The question for teachers in my neighborhood, in my county, in our state, and across the nation is clear: How do we have our students embrace a WIIFM approach to education when the relational component established at the beginning of the school year is clearly missing?

In my other class, journalism, the students knew each other well, even though their ages spanned the four-year spread of high school. They understood their needs, their nuances, their strengths because they had worked closely together for 6 months in an environment that encouraged mutual trust and respect. They thrived in those last two months simply because the team dynamic was already firmly in place. It’s the relational foundation that made this possible.
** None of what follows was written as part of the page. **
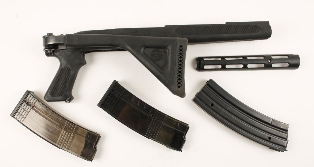 Made by Choate. Comes with ventilated hand guard. Has blued steel hinge hardware and sling swivels. Includes 3 mags, two Eagle brand plastic mags (35-round) and one unmarked steel 40-round magazine.

If and when our classes begin outside of the classrooms in the fall of the new school year, and as teachers are meeting their students for the first time in little video boxes on aging school-issued laptops, we will need to be mindful of how we make education a relational experience. Some students will step up, embrace the WIIFM mantra, and take good care of themselves. But many will rely on a solely transactional relationship of points and deadlines, based on bare minimums in playing the game of pass and fail. We might be able to figure out the logistics and schedules of making sure everybody gets an equitable, educational experience, but the bigger issue we all need to consider now is how we make those experiences relational from the beginning.

An ideal scenario would be having students somehow meeting their teachers – in person – prior to or in the first week of classes. Even though the meet-and-greet will be an event that upholds all the measures of social distancing and the use of face coverings, we need an opportunity to meet our students, and they need the opportunity to meet us.

I’m throwing around a hundred different ideas that all seem ideal on paper, like each child sharing a 60-second infomercial on who they are, and what they look forward to in the coming year. But I know that this doesn’t work for all students, for many valid reasons. Technology, privacy issues, and home environments all lead to limitations that can’t easily be fixed for short home movies, not to mention the challenges we might face with authenticity and truth.

But we must find a way for that community to be built not on a screen but in real time, in a real place face to face (or even mask to mask). Our learning environment established early in September must be genuine, where we all have the courage to WIIFM the experience and take our learning seriously, and for all the right reasons.

We cannot allow the pandemic to derail our educational goals; instead, we must rise to the challenge of becoming better teachers in providing the opportunities our students need to own the education they deserve.